Key Takeaways for the Education Sector
This decision establishes important precedents beyond the specific collective agreement language at issue. The decision suggests arbitrators will consider operational feasibility when interpreting education sector agreements, particularly where interpretations would create mid-semester disruptions.
The arbitrator’s treatment of workload arguments indicates that evolving pedagogical expectations — including differentiated instruction and inclusive programming — will not automatically be considered collective agreement violations requiring specific contractual relief. Such concerns may be better addressed through future bargaining rather than grievance procedures.

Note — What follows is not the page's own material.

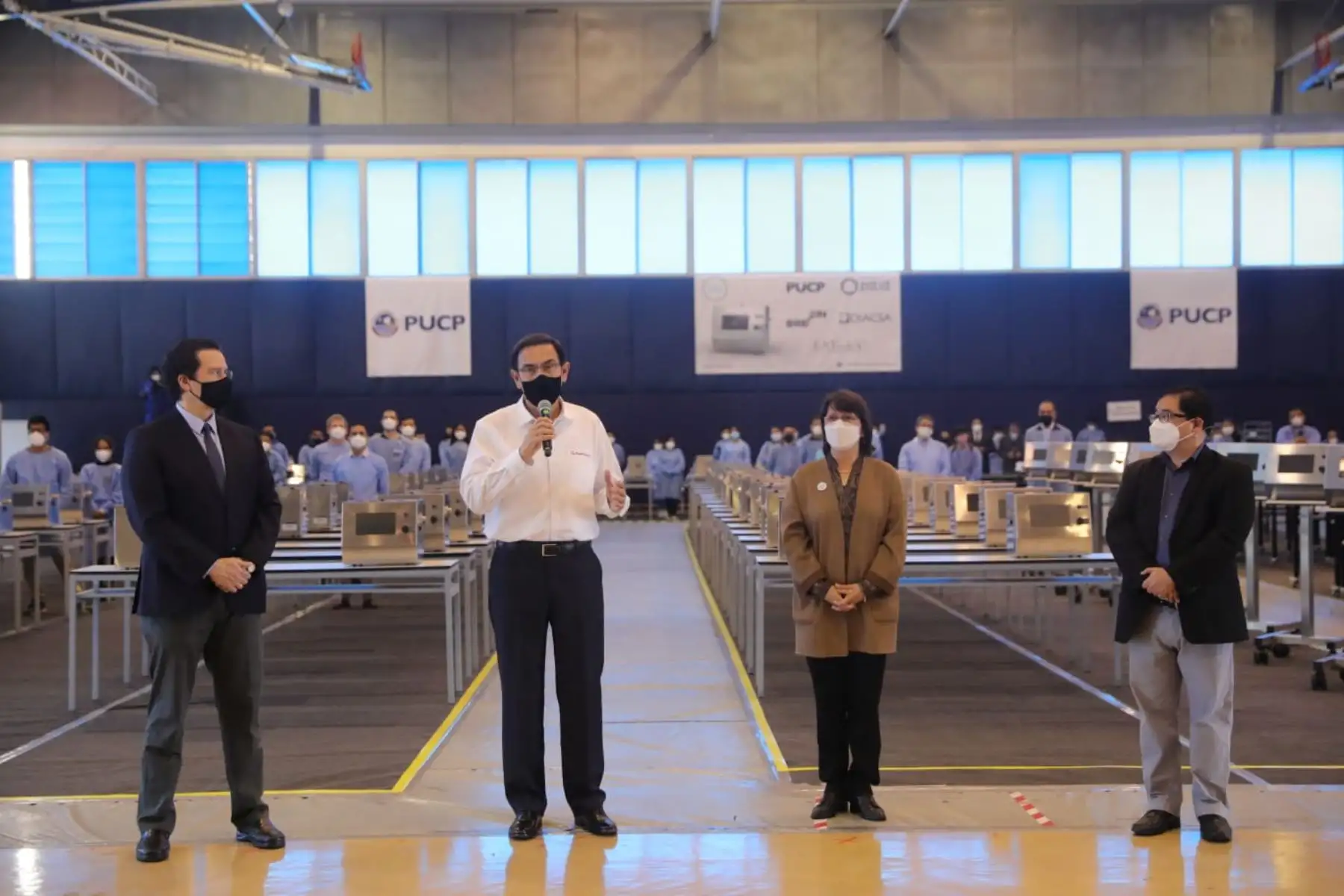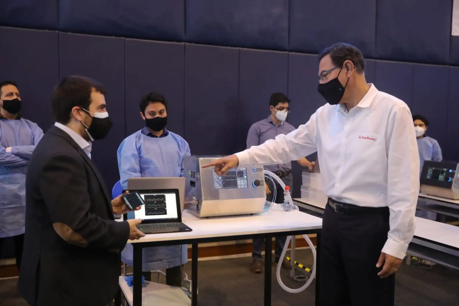 08/10/2020 El presidente Martin Vizcarra, junto a la titular del Minsa, Pilar Mazzetti, participa de la entrega de ventiladores mecánicos MASI, tecnología médica peruana utilizada para la atención de pacientes Covid-19 en situación de alto riesgo. Foto: ANDINA/ Prensa Presidencia

For boards implementing or considering inclusive education models, the decision provides support for maintaining standard staffing ratios while integrating special education students into mainstream programming. Ultimately, however, the ability of such an approach to withstand legal scrutiny will depend heavily on the specific contractual language governing class sizes and multi-level instruction in individual collective agreements.
The ruling also underscores the importance of clear operational timelines and procedures when implementing significant programming changes that may intersect with collective agreement obligations.
disclaimer
This article shares general information and insights. It is not legal advice, and reading it does not create a solicitor–client relationship.